Great food! Like Great Britain! Ever tried chicken tikka masala? @@studgerbil9081
@@philipareed I double-checked the Constitution: it’s permitted.
Other reasons formatting won't detect this is that the formatting doesn't write the general data on the drive, or even if it did, it would typically write all 0's so you would not be able to tell if the same bit of storage is being used for more than one logical location on the drive.
Yea long ago, "formatting" a drive might actually re-write all the tracks to ensure they physically line up with where the disk drive places the read/write heads, but that probably stopped happening with the end of floppy disks. Nowadays, formatting a drive really just means building the structure of the file system in storage space that is assumed to be available to overwrite.
The closest thing that might actually write the entire drive might be a secure erase, which fills the drive several times over with pseudo-random bits; such a program could in theory verify the random data written in the last pass, assuming it has the random number seed and so can re-create the data for verification.
It should be remembered that Chinese gigabytes are about fifteen times smaller than in the rest of the world. That's because they count a bit as a byte. That gives their devices 1/8 capacity. Then they organize their bytes as nibbles (4 bits), which halves the capacity. This makes storage devices much less expensive to manufacture, which is very good.
Do you have a source for this? First time I'm hearing there's a literal third convention for data capacity labeling, sounds like a distortion of the bits/bytes discrepancy which typically results in stuff like a 1TB drive showing up as 982GB.

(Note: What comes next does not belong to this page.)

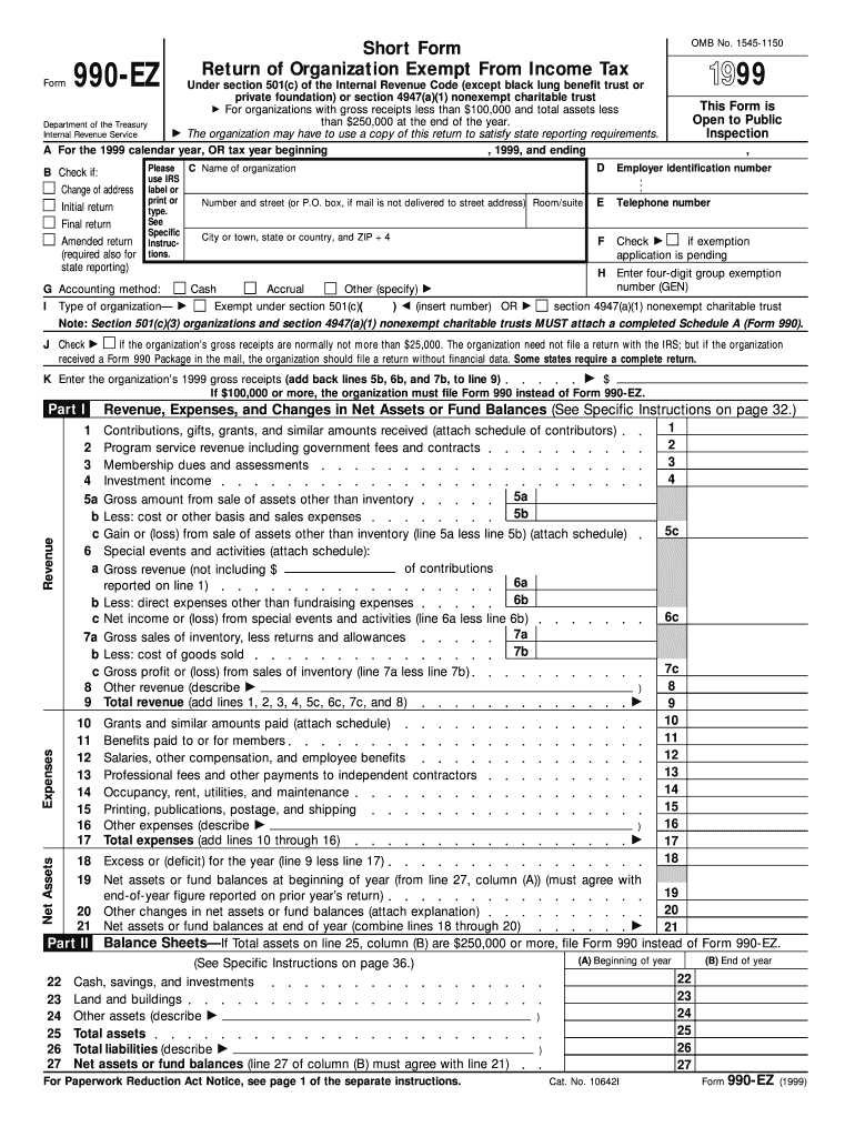 Purpose of Form Form 990, Return of Organization Exempt From Income Tax, and Form 990-EZ are used by tax-exempt organizations, nonexempt charitable trusts (that are not treated as private foundations), and section 527 political organizations to provide the IRS with the information required by section 6033.

@Ajarylee-qh9ln Ah. Nevertheless.
Amazon also doesn't give you a way I have been able to find to complain about shipment issues.
They've removed my reviews that contain shipping complaints.

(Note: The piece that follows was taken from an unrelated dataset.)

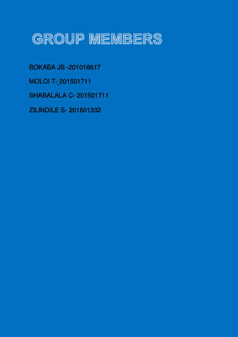 BOKABA JS -201016617 MOLOI T- 201501711 SHABALALA C- 201501711 ZILINDILE S- 201601332

They also removed a review that mentioned that a competitor failed to provide something and that's why I came to Amazon for the product.
Amazon has a habit of deleting negative reviews. I left a somewhat negative review of some headphones saying how the new variant is worse than the old and it's therefore not worthy of the name, and Amazon removed saying that they double checked and the headphones are actually named like that so they're genuine.

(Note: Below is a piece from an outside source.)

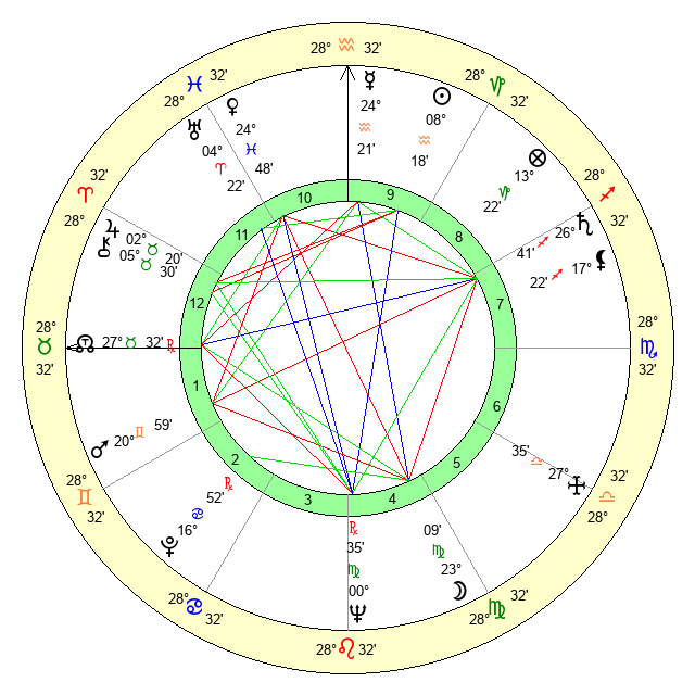 | Moon | 23 Virgo 9 | 28 Capricorn 29 | 14 Pisces 21 |

Yep, shopping on Amazon can sometimes be a frustrating experience and if you have a complaint, talking to a brick wall would be more effective and less stressful.
When I buy a new MICROSD card, the first thing I do is to fill it up with video files and make sure they all play back. So far I've been lucky...
I've also had negative reviews deleted on Amazon, and the fact that fake products are still a thin at Amazon tells me they don't care, so long as they get their significant cut they do not care one bit!
When I do a bad review on Amazon I always give a good star rating and then a title my review with the products problem. This normally keeps the review up there.
I had exactly the same experience when ordering some hard drives on amazon: when I received the drives, instead of being new, they were in fact recycled items, most likely from a data center. I returned the drives, gave as a reason the non conformity of the product and wrote a 1 star review mentioning the scam. The review was taken down within 48 hours…
Thank you for verifying that Davis Bon, is indeed, still dead.
We can now be rest assured.
Excellent graphics! Very nice video.
I bought a house a couple years ago and we were fixing it up. Buying things online and getting a delivery a day. I was putting reviews on Amazon for almost every purchase. Good or bad. It turned out that if you post too many bad reviews Amazon will pull all of your reviews. These were legitimate reviews but I agree with the creator that they don't want to take a hit on sales. They really don't like negative reviews.
Since then I no longer do any reviews on Amazon.